# Tunnel Portals for the Redwood Creek and Tallulah Ridge RR



## rsmproductions (Jan 5, 2008)

Had some fun scratch building some tunnel portals for the tunnel that will be going under Tallulah Ridge. I started with a pattern after researching dimensions, etc here on MLS. After working through what material I was going to use I happened upon the article in the Dec 2012 GR - "Build a weather-resistant retaining wall" by David kaluta. He talks about using a tile product found at Lowes for retaining walls. After reading the article I figured this might look nice on the tunnel portal as well. So, I found the product at one of our local Lowes and bought a couple of sheets as well as the mouldings that went with it. Here are some pictures of my work...I hope you enjoy. I just need to get a few more moulding pieces to finish the second portal.

Richard

Solistone White Natural Stone Wall Tile found at Lowes










The matching moulding pieces used for the top of the portal...I used Hardiboard for the backing material.

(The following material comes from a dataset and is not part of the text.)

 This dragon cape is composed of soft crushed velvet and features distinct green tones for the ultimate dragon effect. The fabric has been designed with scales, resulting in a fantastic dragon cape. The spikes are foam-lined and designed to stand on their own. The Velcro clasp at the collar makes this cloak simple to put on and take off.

I used a Dremel with the diamond blade to cut the stone...pretty easy work.










I'm using Loctite Landscape Block adhesive to glue everything together.

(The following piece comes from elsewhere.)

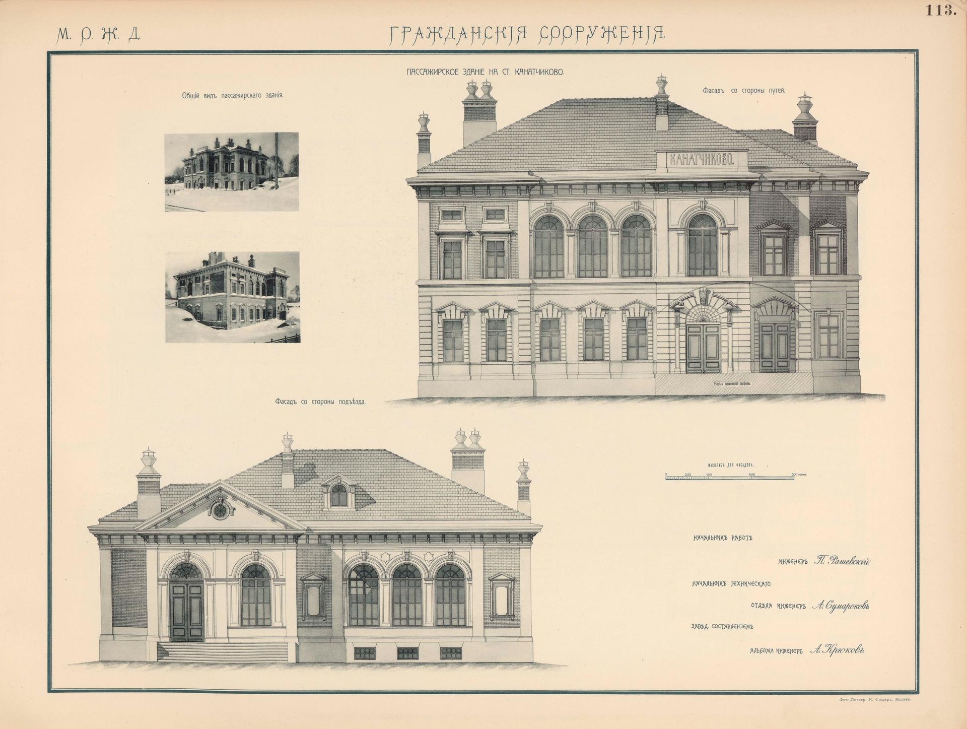 Вокзал станции Канатчиково – это двухэтажное здание с арочными окнами, карнизами и двумя изображениями львиных голов по сторонам от входных дверей. На фасаде можно наблюдать названия станции, выполненные "фирменным" шрифтом Московской Окружной ж/д в стиле "модерн". Над входом сохранилась историческая табличка с указанием высоты станции над уровнем моря – 66,3 саженей, т.е. 132,6 м в современной системе измерения. Имеется в виду уровень Балтийского моря, от которого измерялся уровень расположения всех станций Николаевской ж/д, в том числе и Окружной. "Внутри вокзала было три больших зала – I, II и III классов, сильно отличавшихся друг от друга. В I классе в углу поблескивал огромный иконостас, стояли мягкие диваны в белых полотняных чехлах. Во II классе диваны тоже были, но жесткие, деревянные. В зале III класса совсем не было мебели. Хочешь присесть – садись на пол", – писали сотрудники станции.

The finished look minus a few areas to be trimmed...will look for something weather it slightly (smoke stain in the middle, etc)


----------



## docwatsonva (Jan 2, 2008)

Richard,

That's a great looking portal. Those stone mini tiles a perfect for a scale look. Are you going to seal the backer board?

Doc


----------



## rsmproductions (Jan 5, 2008)

Thanks Doc, I like how they've turned out. I am planning on sealing the backer board...just not sure what would work the best. Any ideas?? 

Thanks,
Richard


----------



## docwatsonva (Jan 2, 2008)

When I built some culverts using blue foam and concrete for the stone patterns, I covered the back and edges with Quickrete liquid crack filler. I spread it on with a brush to form a uniform layer about 1/16 in. thick. It's held up for 3 years without any signs of peeling.

Here's a photo of the finished product.










I'm sure there are other products but I found this works pretty well.

Doc


----------



## dieseldude (Apr 21, 2009)

Great looking portal!!! Thanks for sharing. 


-Kevin.


----------



## bf2468 (Jun 24, 2013)

Great idea I'm going to try to make a stone building with the tile


----------